YOUR TASK —
Return the full listing word for word, but drop every picture from it.

START DATASET EXCERPT

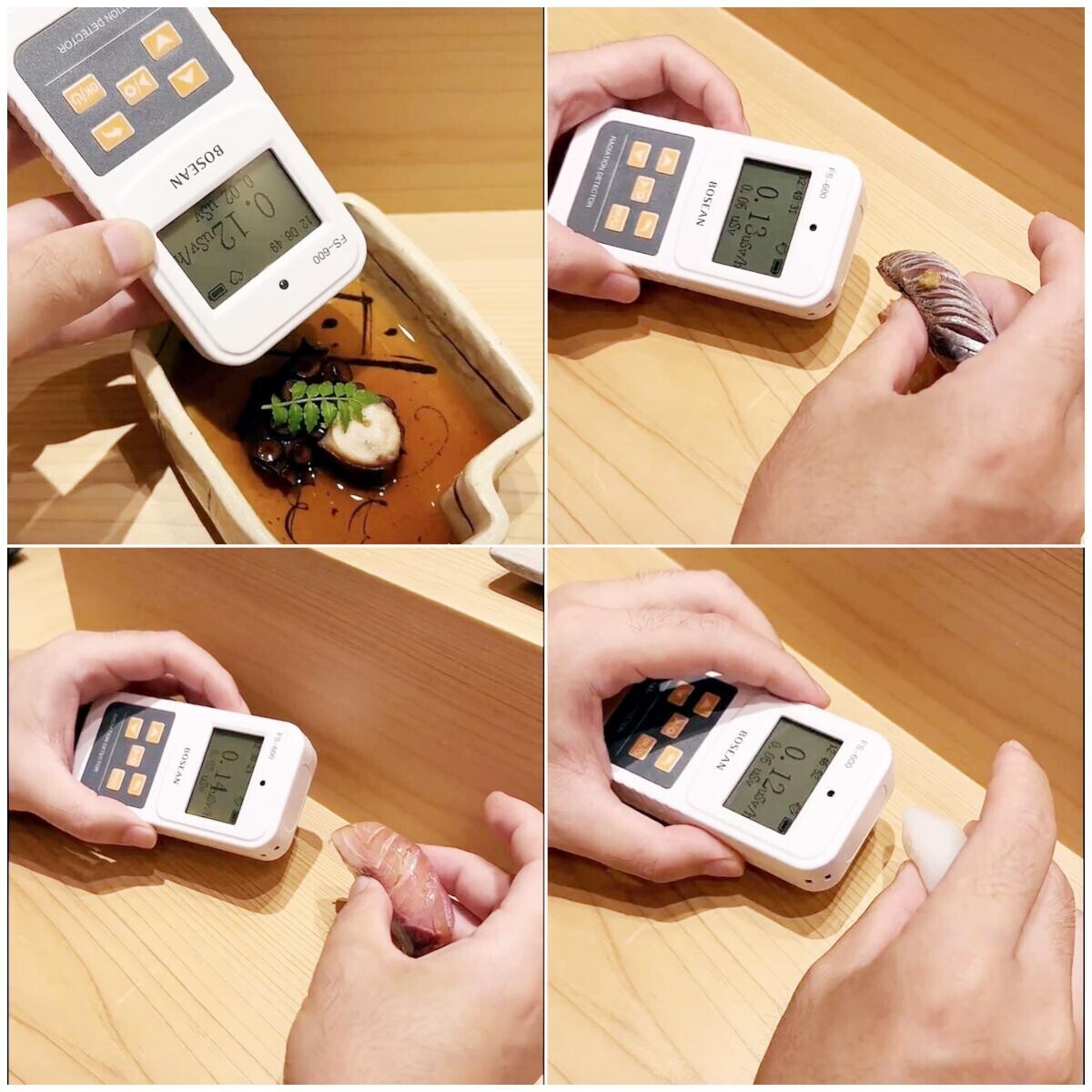 日本の高級すし店で一つひとつ放射線を測定する中国人
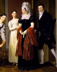 For several years, Nathanson was Eckersberg's most important client. Apparently, the artist's original concept for this large group portrait was to portray the family in a casual and private moment; in one preliminary sketch, he depicted children and parents alike performing a circle dance. But his patron had a specific purpose behind the commission, something that would show just how far the poor Jewish boy had come in life, something to commemorate a specific incident: Nathanson and his wife are shown arriving home, being greeted by their children after their audience with the Queen.
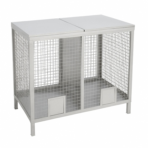 Rectangular stainless steel bin for onions and potatoes. Features 2 chambers with 35-50 Kg capacity. Ideal for kitchen use, stands 1.5 to 2.5 feet tall.

END DATASET EXCERPT

RESULT OF THIS EXERCISE —
 日本の高級すし店で一つひとつ放射線を測定する中国人
 For several years, Nathanson was Eckersberg's most important client. Apparently, the artist's original concept for this large group portrait was to portray the family in a casual and private moment; in one preliminary sketch, he depicted children and parents alike performing a circle dance. But his patron had a specific purpose behind the commission, something that would show just how far the poor Jewish boy had come in life, something to commemorate a specific incident: Nathanson and his wife are shown arriving home, being greeted by their children after their audience with the Queen.
 Rectangular stainless steel bin for onions and potatoes. Features 2 chambers with 35-50 Kg capacity. Ideal for kitchen use, stands 1.5 to 2.5 feet tall.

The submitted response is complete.